I never get used to it – these resurrections
Solaris, dir/writ. Steven Soderbergh (USA, 2003)

Season of the remakes
Ring
Solaris

The Gulf War
What happened to Gibarian?
Saddam?

Bush II
There’s something happening here
What it is ain’t exactly clear


There are no answers
only choices
I can tell you

what is happening
but I don’t know
if that’ll tell you

what is happening



Solaris (2003)


Dear Jack,
I’ve just beaten my way through the bush to Tryphena. I’m in a valley on the way to Rosalie Bay. Everything’s fine. Establishing a writing, walking and sitting schedule.
Will keep in touch,
Richard


It gave me immense pleasure to select Richard von Sturmer as the inaugural holder of the brief writers’ award. He’s on Great Barrier even now. I’ve admired his work for a long time, so it ‘s extra-nice to be able to contribute some space and time for him to pursue it. That’s on the plus side of the ledger.

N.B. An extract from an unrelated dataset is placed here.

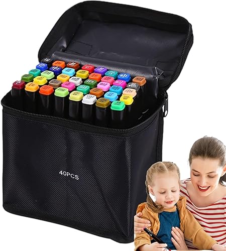 Marqueurs double face – 40 marqueurs de dessin de couleur pour artistes | Stylo à double pointe 40 outils de couleurs pour le scrapbooking, les cours d'art, le journal, les tout-petits, la maternelle
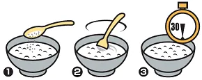 (1) おかゆに「おかゆケアスルー」をふりかけてください

On the minus side, we seem to be living in a world where aggressive war has shifted from a war-crime to a duty. It seems particularly curious to divorce “terrorism” from the conditions which give it birth, and treat it instead like some kind of pathological condition …

I suppose I should stop perpetually looking for the beam in my neighbour’s eye, though. Another interesting piece of correspondence in the last couple of months has been a pamphlet by F. W. Nielsen Wright, entitled “A Comparison of JAAM and Brief as the Two Leading Literary Magazines of Aotearoa since 1995.” The implicit compliment in the title is soon undermined by such statements as: “Brief has always been the showcase for what must be the most insignificant group of writers in Aotearoa … wedded to dogmatic theories about writing, in some cases for forty years now.”

Some of us go so far as “espouse dadaism”, or at the very least “a very mechanical concept of intertextuality.” It’s hard to see precisely what point Wright has to make about the two journals, since he’s appeared in both. He is, however, clearly far more sympathetic to JAAM: “the leading Aotearoa literary magazine throughout its time … particularly strong in reviews and interviews.”

The essay was apparently prompted by the 48-page brief index we issued earlier this year (“the smartest looking publication the Writers Group has put out, no doubt in the interests of making a good presentation for their magazine and for themselves”), which perhaps accounts for its concentration on impressive-sounding statistics:
… of the 301 poets who appeared in ten standard anthologies of Aotearoa since 1990, 24 of them also appear in Brief (or just on 8%). That is to say, 25.26% of Brief contributors appear in the 10 anthologies.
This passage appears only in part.